TASK TO COMPLETE »
Pictures must not appear in the copy. Set down exactly the line with "Load image into" and each line after it through the end of the data below.

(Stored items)
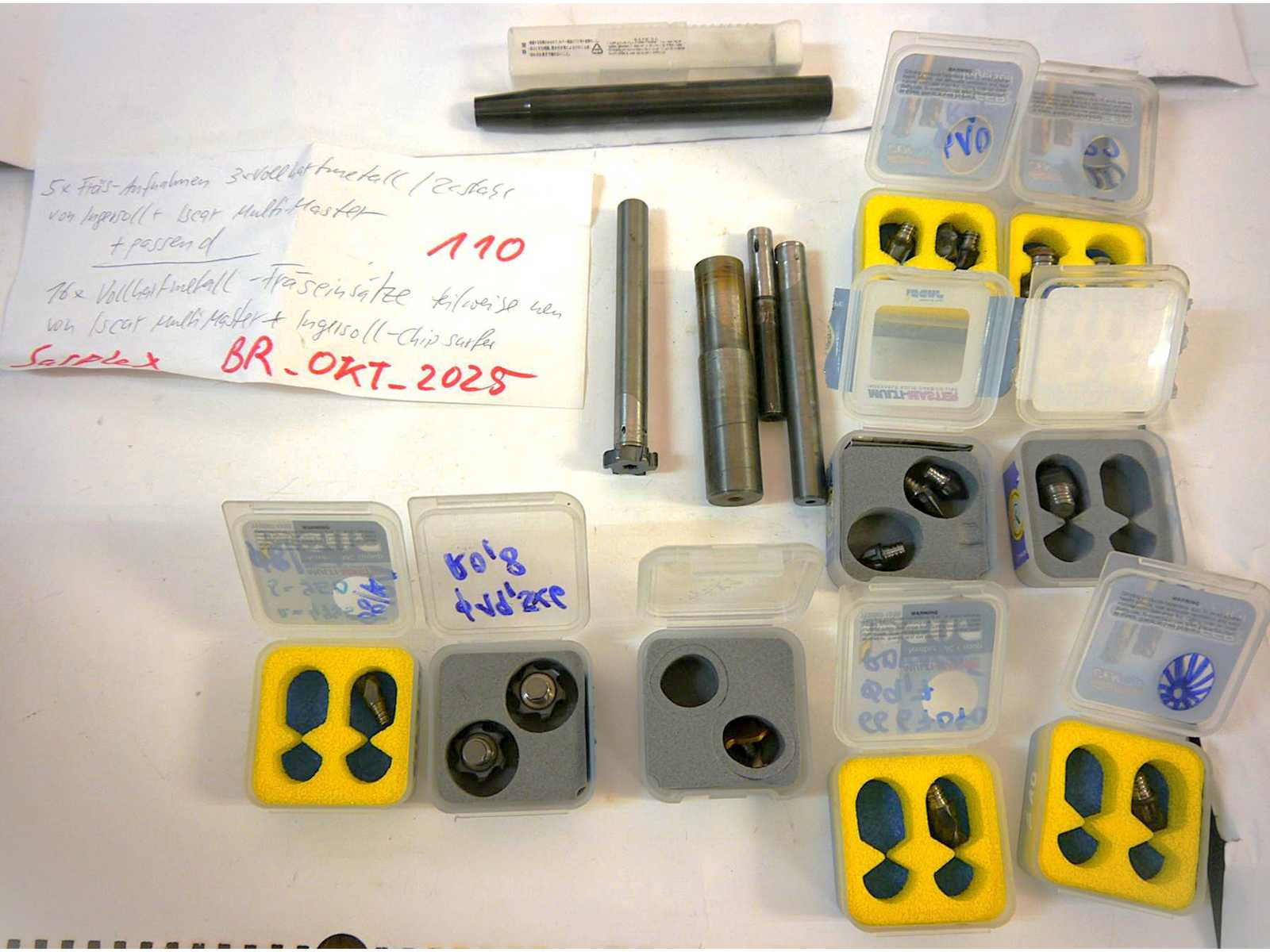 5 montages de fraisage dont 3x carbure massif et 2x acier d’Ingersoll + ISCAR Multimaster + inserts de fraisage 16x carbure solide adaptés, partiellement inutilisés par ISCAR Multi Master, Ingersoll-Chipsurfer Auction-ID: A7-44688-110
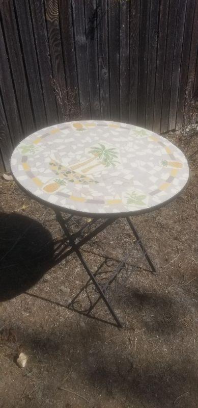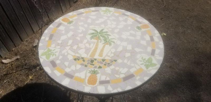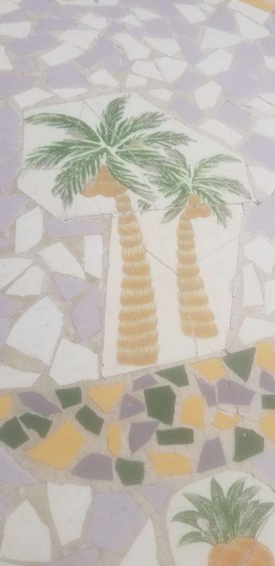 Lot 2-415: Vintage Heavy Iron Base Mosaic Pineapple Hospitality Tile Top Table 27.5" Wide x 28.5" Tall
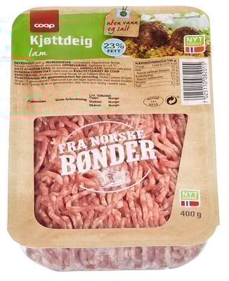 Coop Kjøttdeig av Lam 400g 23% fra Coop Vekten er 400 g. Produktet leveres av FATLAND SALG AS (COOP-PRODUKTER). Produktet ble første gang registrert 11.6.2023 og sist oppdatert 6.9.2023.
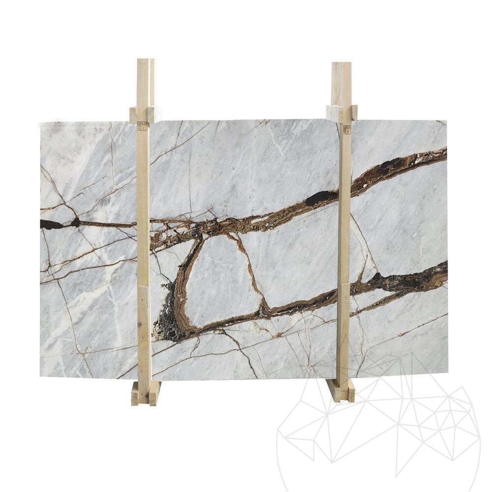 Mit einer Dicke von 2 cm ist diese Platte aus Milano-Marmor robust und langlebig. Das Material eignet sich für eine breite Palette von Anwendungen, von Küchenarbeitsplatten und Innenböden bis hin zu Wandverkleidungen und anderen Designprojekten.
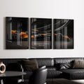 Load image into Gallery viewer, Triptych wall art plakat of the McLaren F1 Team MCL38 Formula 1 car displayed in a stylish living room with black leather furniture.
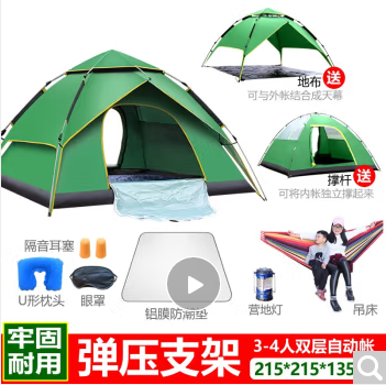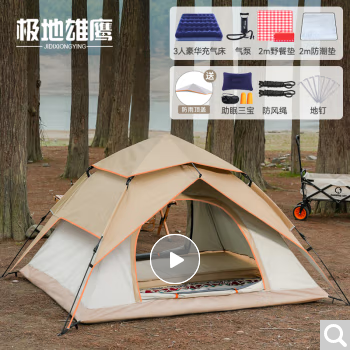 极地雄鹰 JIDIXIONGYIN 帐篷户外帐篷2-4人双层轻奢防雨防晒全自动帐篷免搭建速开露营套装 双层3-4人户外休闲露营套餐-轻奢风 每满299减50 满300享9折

FINISHED EXERCISE »
 Load image into Gallery viewer, Triptych wall art plakat of the McLaren F1 Team MCL38 Formula 1 car displayed in a stylish living room with black leather furniture.
 极地雄鹰 JIDIXIONGYIN 帐篷户外帐篷2-4人双层轻奢防雨防晒全自动帐篷免搭建速开露营套装 双层3-4人户外休闲露营套餐-轻奢风 每满299减50 满300享9折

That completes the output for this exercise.